Applying causal discovery to single-cell analyses using CausalCell
Abstract
Correlation between objects is prone to occur coincidentally, and exploring correlation or association in most situations does not answer scientific questions rich in causality. Causal discovery (also called causal inference) infers causal interactions between objects from observational data. Inferred causal interactions in single cells provide valuable clues for investigating molecular interaction and gene regulation, identifying critical diagnostic and therapeutic targets, and designing experimental and clinical interventions. The report of causal discovery methods and generation of single-cell data make applying causal discovery to single-cells a promising direction.

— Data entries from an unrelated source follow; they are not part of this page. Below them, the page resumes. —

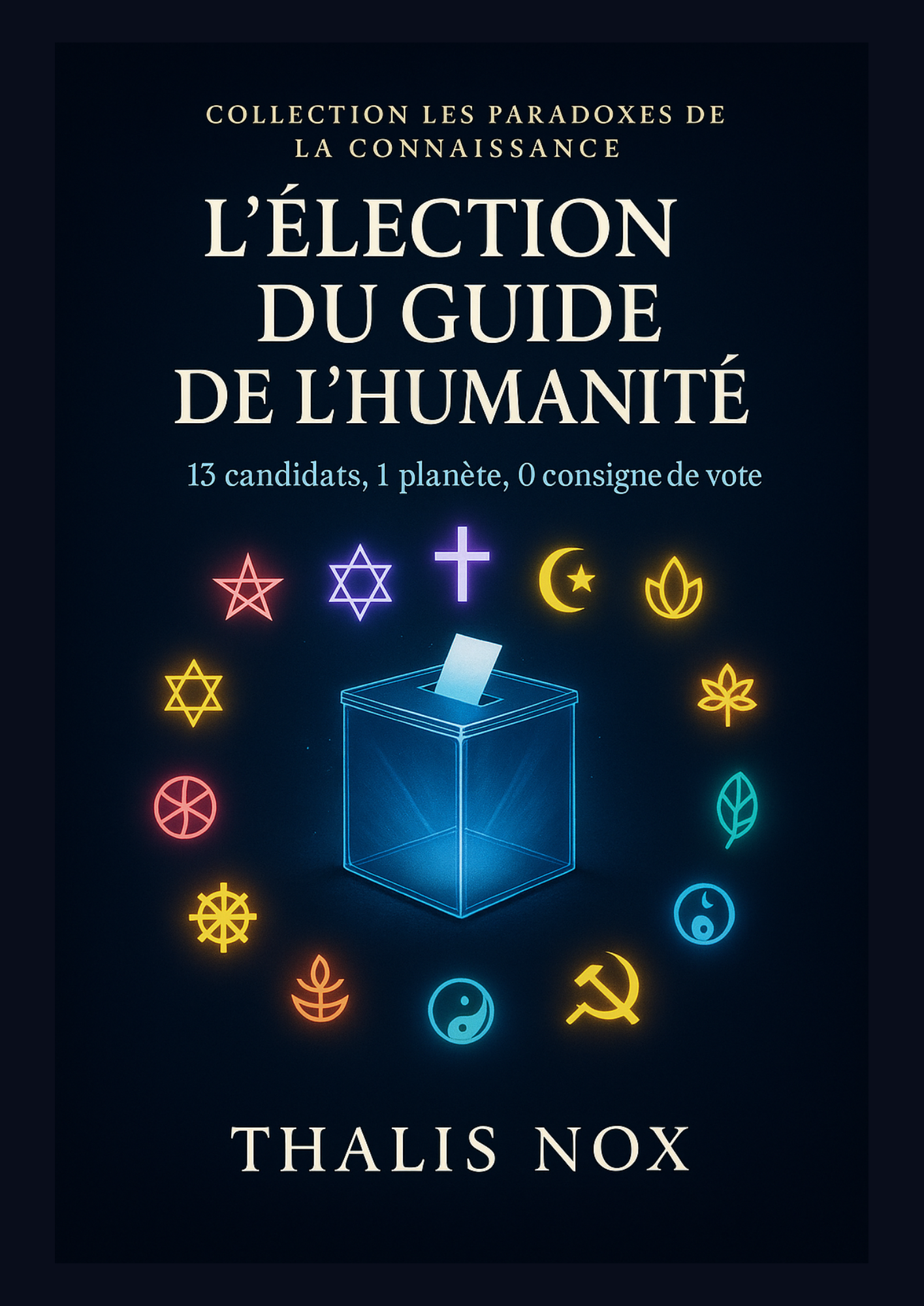 Imagine une élection planétaire où chaque grande croyance, philosophie ou idéologie présente son candidat pour guider l’humanité. Treize prétendants s’affrontent : christianisme, islam, bouddhisme, judaïsme, hindouisme, taoïsme, athéisme, communisme, écologie, spiritualités alternatives… Tous revendiquent la vérité, la paix, ou le salut. Mais qui choisir ? Dans ce livre satirique et provocateur, Thalis Nox fait dialoguer ces courants majeurs comme dans un grand débat électoral. Vérités absolues, promesses contradictoires, failles doctrinales : tout est passé au crible. Loin des dogmes, ce livre pousse à réfléchir, à douter, et surtout à ne pas voter les yeux fermés. Un essai audacieux et lucide sur la quête de sens, de pouvoir et de transcendance qui façonne notre monde depuis des millénaires. Un indispensable pour celles et ceux qui veulent penser librement dans un monde saturé de certitudes.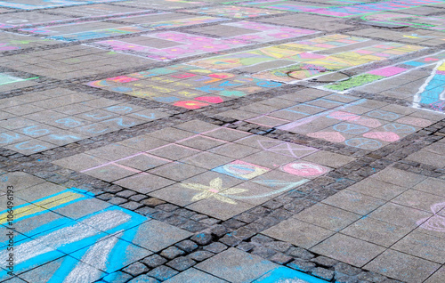 square, chalk, picture, colourful, colourful, colourful, children, baby, doodle, paint, outdoors, game, toy, street, sidewalk, art, artistic, closeup, childhood, concept, painting, ground, yellow, orange, red, blue, white, playful, artwork, creativity, creative, imagination, background, square, stone, texture, pattern, colorfulness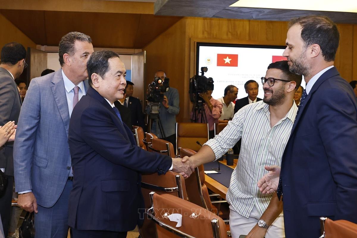 Chủ tịch Quốc hội Trần Thanh Mẫn với đại biểu Maroc dự Tọa đàm chính sách thúc đẩy hợp tác kinh tế, thương mại và đầu tư Việt Nam – Maroc (chiều 25/7/2025, giờ địa phương). Ảnh: Doãn Tấn – TTXVN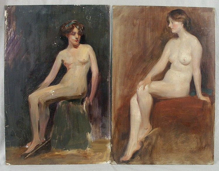TWO FIGURAL STUDIES OF SEATED NUDES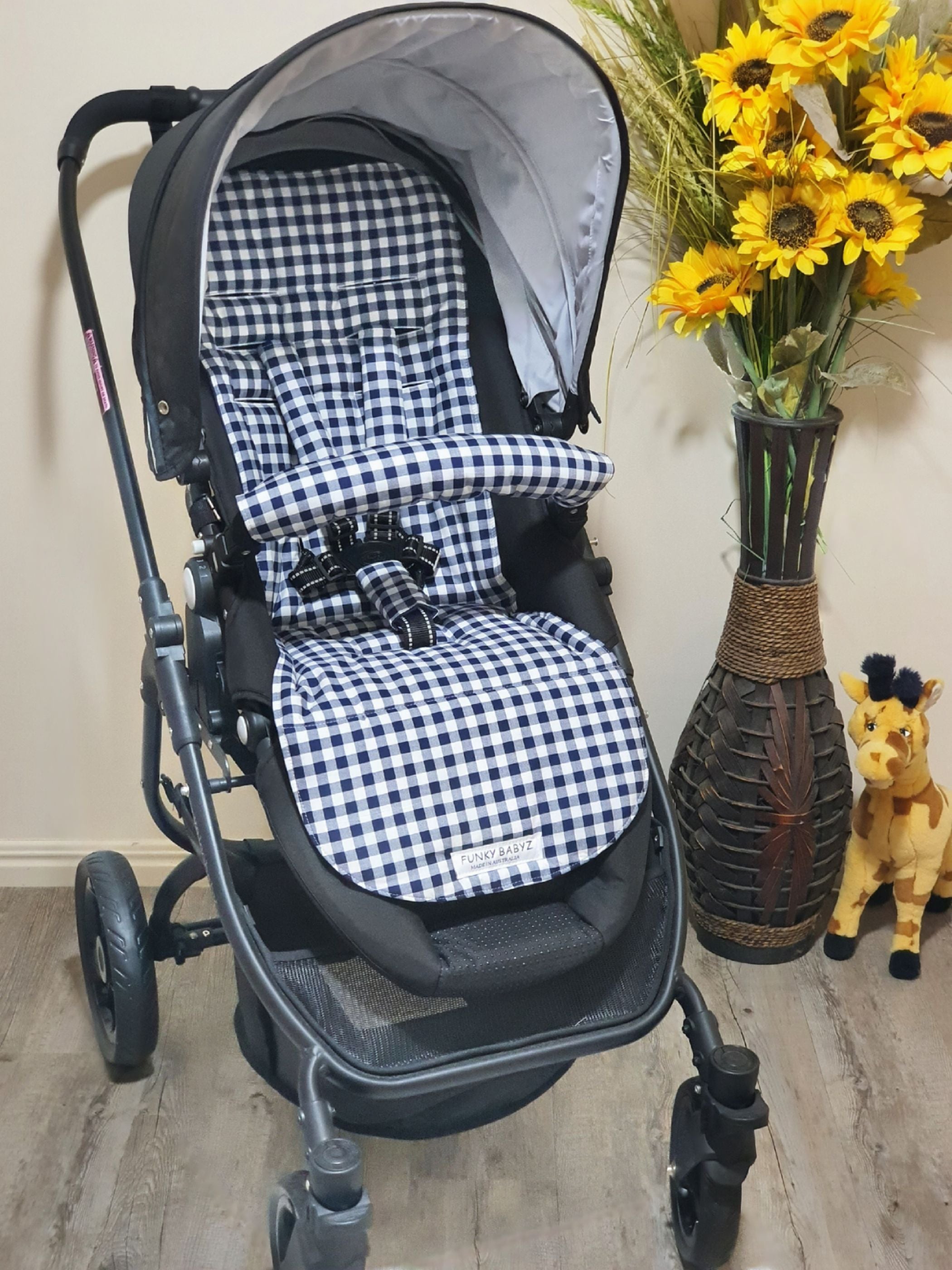 Pram/stroller seat liner-Navy blue gingham,small squares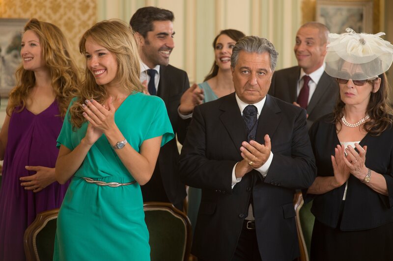 Monsieur Claude (Christian Clavier) und Ehefrau Marie Verneuil (Chantal Lauby, re.) müssen nur noch Laure (Élodie Fontan, 2. v. li.) unter die Haube bringen. Odile (Julia Piaton, hinten li.) ist David (Ary Abittan, hinten 2. v. li.) verheiratet, Rachid (Medi Sadoun, hinten re.) der Mann von Isabelle (Frédérique Bel).Bild: © A BORREL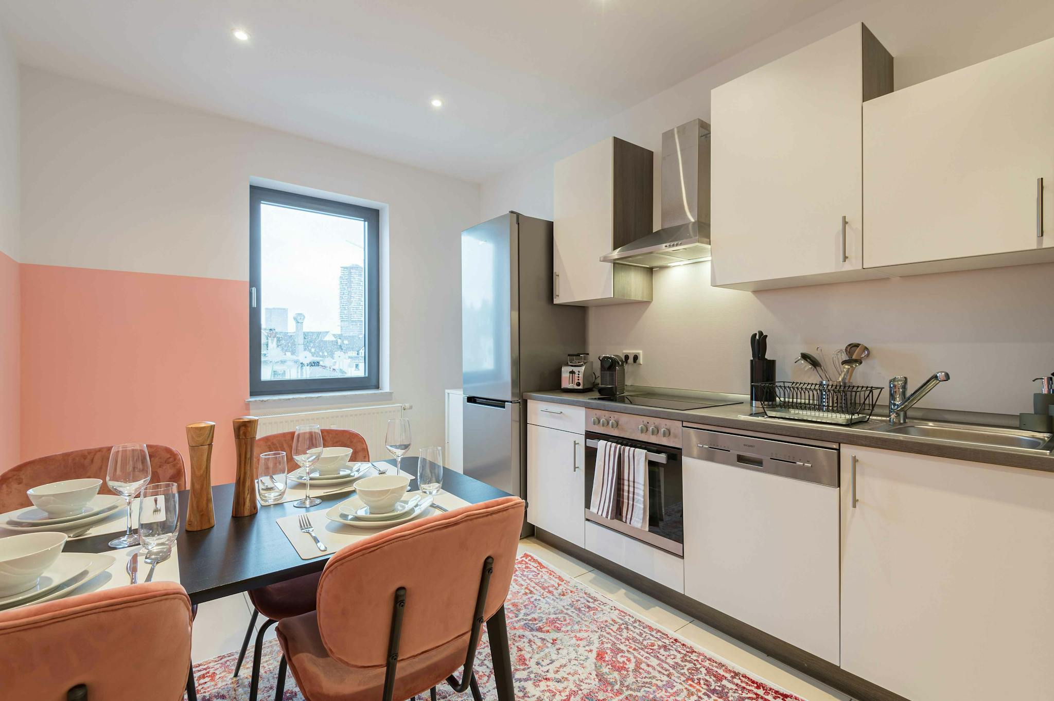Live in one of the most popular districts of Frankfurt, Bockenheim. There are numerous shops, bars and restaurants and the easy access to public transportation shortens the way to the inner city enormously. Our modern apartment in a stylish old building awaits your move.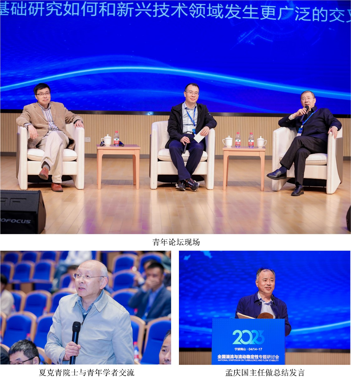 会议青年成长论坛由袁先旭研究员主持,北京航空航天大学孙晓峰教授、上海大学刘宇陆教授、中国船舶集团有限公司技术首席颜开研究员就“如何让湍流基础研究在‘四个面向’中发挥更大作用”,“从事湍流基础研究的青年科技人员的成长路径有哪些”,“基于超大规模数据的深度学习能否改变湍流研究范式”,“湍流基础研究如何和新兴技术领域发生更广泛的交叉”四个问题与在场专家及年轻学者们展开深入交流讨论,获得了热烈掌声和共鸣。最后,国家自然科学基金委数理学部孟庆国副主任做总结发言,重点谈及了流体力学研究的现状、困境、机遇和未来发展路径,孟主任鼓励广大从事湍流基础研究的青年科学家把个人事业发展融入国家发展的大格局中,立足国家重大需求选好研究方向,坚持守正创新,沉下心来做解决真问题的原创研究,坚持合作交流集智攻关,让湍流研究的道路越走越宽。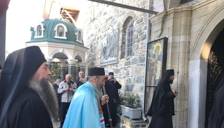 Після урочистої зустрічі Блаженніший владика відвідав головний собор монастиря, де вклонився мощам святого великомученика Пантелеймона.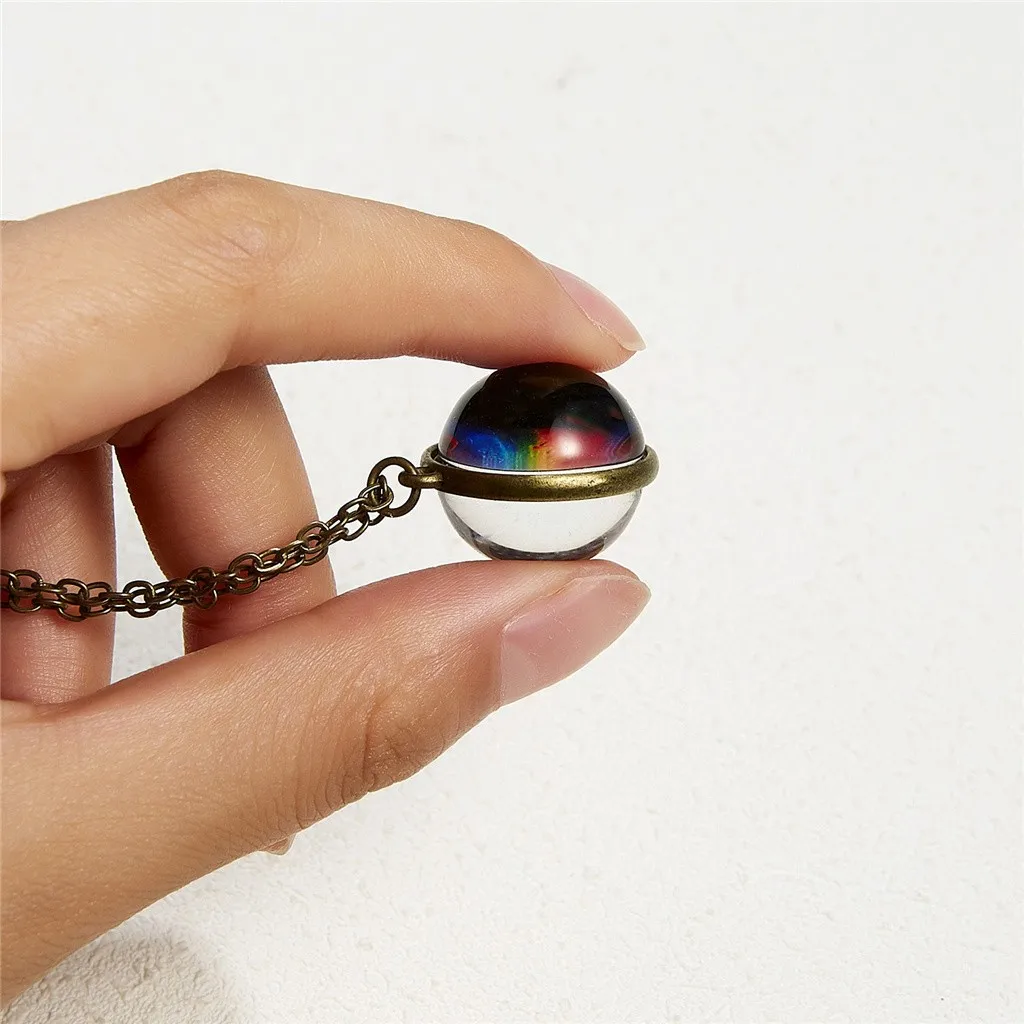 Светящаяся в темноте система галактики Двусторонняя стеклянная купольная планета ожерелье подвеска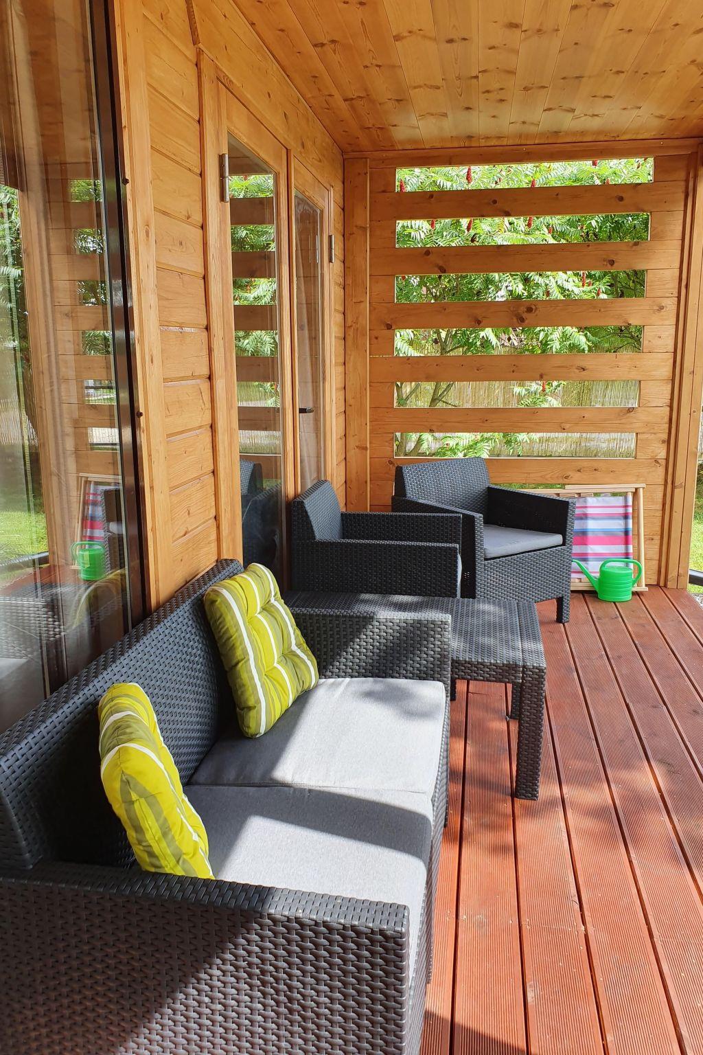 The house is wooden, has 80 metres, is single-storey with a usable attic. On the ground floor is the living area, which consists of a living room with dining area and kitchen. The kitchen is equipped with all necessary appliances such as dishwasher, oven, ceramic hob, coffee maker, all dishes and utensils necessary for preparing meals. The sofa in the living room has a fold-out bed for 2 persons. But in principle it is an alternative, because the night area is on the floor. From the living room there is an exit to the terrace. In addition, on the ground floor there is a hall and a bathroom with shower. On the first floor there are two bedrooms, one of which has a double bed (master bedroom) measuring 160 by 200 cm. The second bedroom is a 3-bedded room with 3 single beds, measuring 90 by 200 cm. We also have a baby cot. WIFI in the house and garden.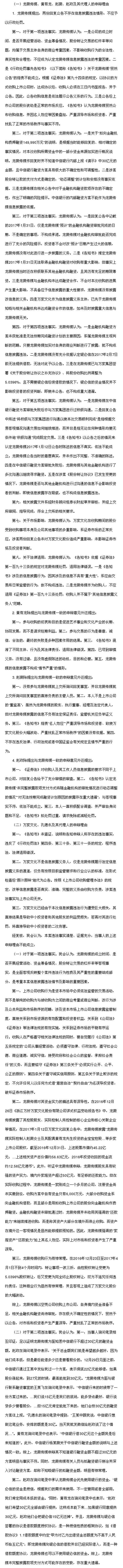 第二,本人不是上市公司的“董监高”,对龙薇传媒披露的信息不负有法定保证责任,监管机关应负举证义务。
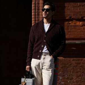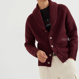 브루넬로쿠치넬리 패턴 숄 칼라 가디건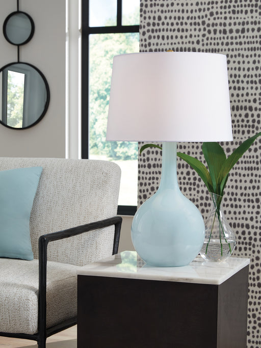 More than mere lighting, this spectacular table lamp illuminates your good taste. Its elegant silhouette, crafted from aqua blue glass, is contempo...

However, how to evaluate and choose causal discovery methods and how to develop workflow and platform remain challenges. We report the workflow and platform CausalCell (http://www.gaemons.net/causalcell/causalDiscovery/) for performing single-cell causal discovery. The workflow/platform is developed upon benchmarking four kinds of causal discovery methods and is examined by analysing multiple scRNA-seq datasets. Our results suggest that different situations call for different methods and the constraint-based PC algorithm plus kernel-based conditional independence tests suit for most situations. Relevant issues are discussed and tips for best practices are recommended.
Data availability
Only public data were used. Links to all data are provided in the manuscript.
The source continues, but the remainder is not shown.